Roman troops established two military camps in the area during the 1st century AD, of which only a few pieces of wood have now been found. Archaeologists from the Goethe University have spent years studying the place and the latest excavations have allowed them to find a whole defensive construction that consisted of sharp stakes, designed to prevent the enemy from approaching.

The martial-looking structure was meant to deter Germanic tribes from attacking the camp. Such installations, comparable in function to modern barbed wire, are already mentioned in the literature of the time. César, for example, wrote about them. But to date none had been found.

The moist soil of the Blöskopf area, the German researchers explain, provided ideal conditions for their preservation: the wooden spikes, which probably stretched the length of an entire ditch around the camp, were found to be well preserved.

The latest work at this site on both sides of the Emsbach valley began in 2016, when a hunter noticed a difference in color in the grain fields, which is usually an indication of underground structures.

A photo taken by a drone from the air confirmed the hypothesis. The field was crossed by a track that archaeologists thought might have originated with a huge tractor. But, in reality, it was a double moat that framed a Roman camp.

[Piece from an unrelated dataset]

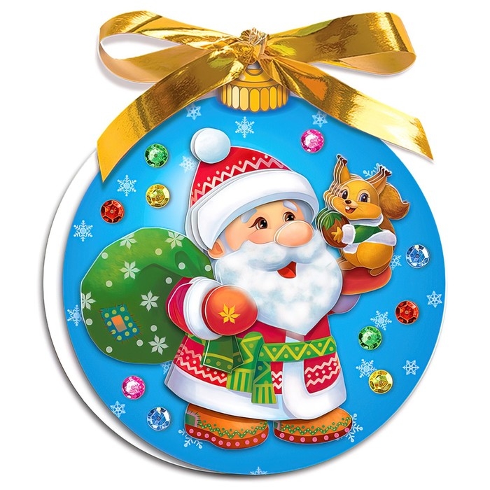 Открытка с изображением фигурки Деда Мороза с мешком подарков и белочкой на руке станет ярким акцентом на ёлке, сохраняя теплые слова поздравления. Набор включает все необходимые материалы, включая двусторонние клейкие квадратики скотча для легкого и удобного декорирования.
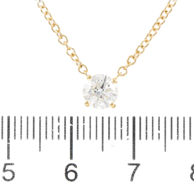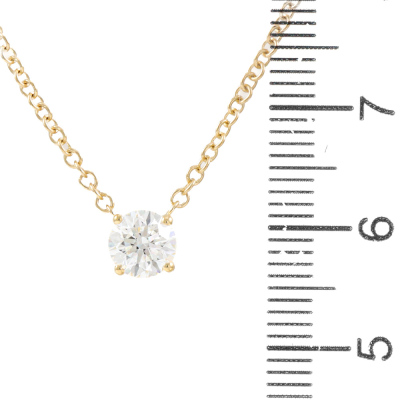 Diamond Solitaire Pendant with round brilliant cut natural diamond of 0.70ct (with GIA report graded as D SI1 #2526450224). 18ct yellow gold attached. Length 45.0cm. Weight 2.9g (New)

Geomagnetic analyzes later revealed a military fort occupying up to eight hectares and containing some 40 wooden towers. Subsequent work revealed that the camp, which was apparently intended to be a lasting construction, was never completed.

Hardly a permanent building was found, consisting of a warehouse and a depot. The 3,000 soldiers estimated to have been stationed at the fort probably had to sleep in tents. And some scorch marks show that the place burned down a few years after it was raised.

A team of students, led by archaeologist Frederic Auth, identified the second, much smaller camp, located about two kilometers away as the crow flies, on the other side of the Emsbach valley. But what about the money? What happened to it?

Next to the spectacular wooden defensive structure, a coin minted in the year 43 AD was discovered. So the experts turned to the written sources and found a relevant clue in the texts of the historian Tacitus: under the mandate of the Roman governor Curtius Rufus, in the year 47 AD. attempts to extract silver in the area failed.

Performance up to that point had simply been too poor. That is why the Romans abandoned the entire system of shafts and tunnels that they had built. But, a few meters below one of those galleries, there was a vein that would have allowed the Romans to extract silver for 200 years.

Ultimately, the mineral was mined in later centuries. The Romans' hope of having a lucrative precious metals mining operation also explains the presence of the military camp: they wanted to be able to defend themselves against sudden raids, which is not an unlikely scenario given the value of the raw material.

But the legionnaires ordered to dig the tunnels weren't too enthusiastic about the hard work. Tacitus says that they wrote to the Emperor Claudius in Rome, asking him to award the triumphal insignia to commanders in advance so they would not have to force their soldiers to slave labor unnecessarily. What they did not know was that up to 200 tons of silver were stored under their feet, waiting for someone to find and extract it.